Your task is to write out every line of the data exactly. Drop the pictures.
======== The data ========
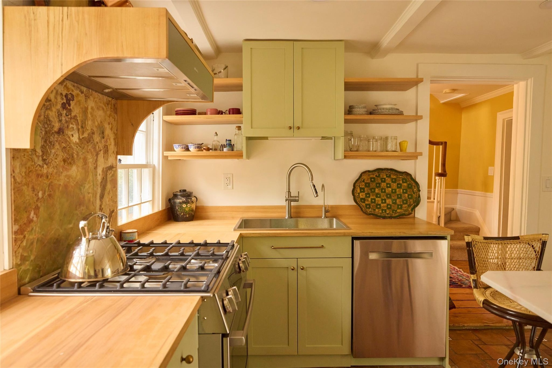 - Newly renovated kitchen, featuring custom cabinets, gas stove, breakfast table, and natural light.
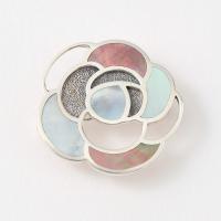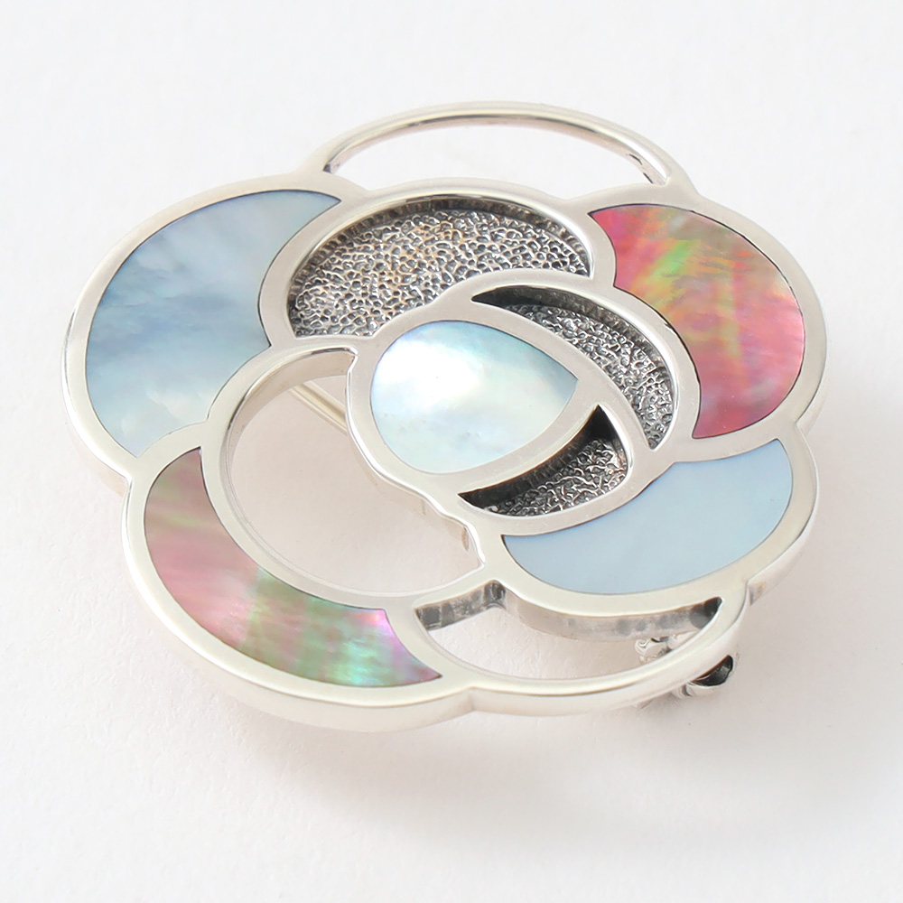 カメリアの花びらをモチーフに白蝶貝と黒蝶貝をはめ込んだブローチ
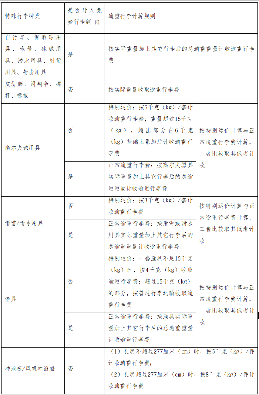 1.2.1.1逾重行李服务费:是指重量超过客票包含免费行李额部分的行李,需要支付的额外服务费。
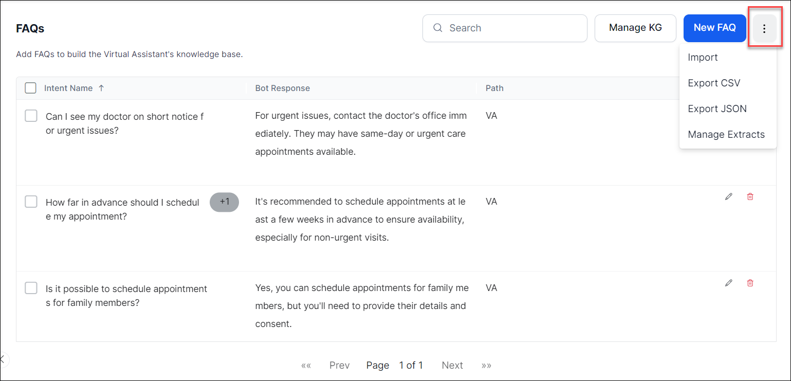 - To export the KG and go to Automation AI > Knowledge AI > FAQs.
========
▶ **Completed exercise**:
 - Newly renovated kitchen, featuring custom cabinets, gas stove, breakfast table, and natural light.
 カメリアの花びらをモチーフに白蝶貝と黒蝶貝をはめ込んだブローチ
 1.2.1.1逾重行李服务费:是指重量超过客票包含免费行李额部分的行李,需要支付的额外服务费。
 - To export the KG and go to Automation AI > Knowledge AI > FAQs.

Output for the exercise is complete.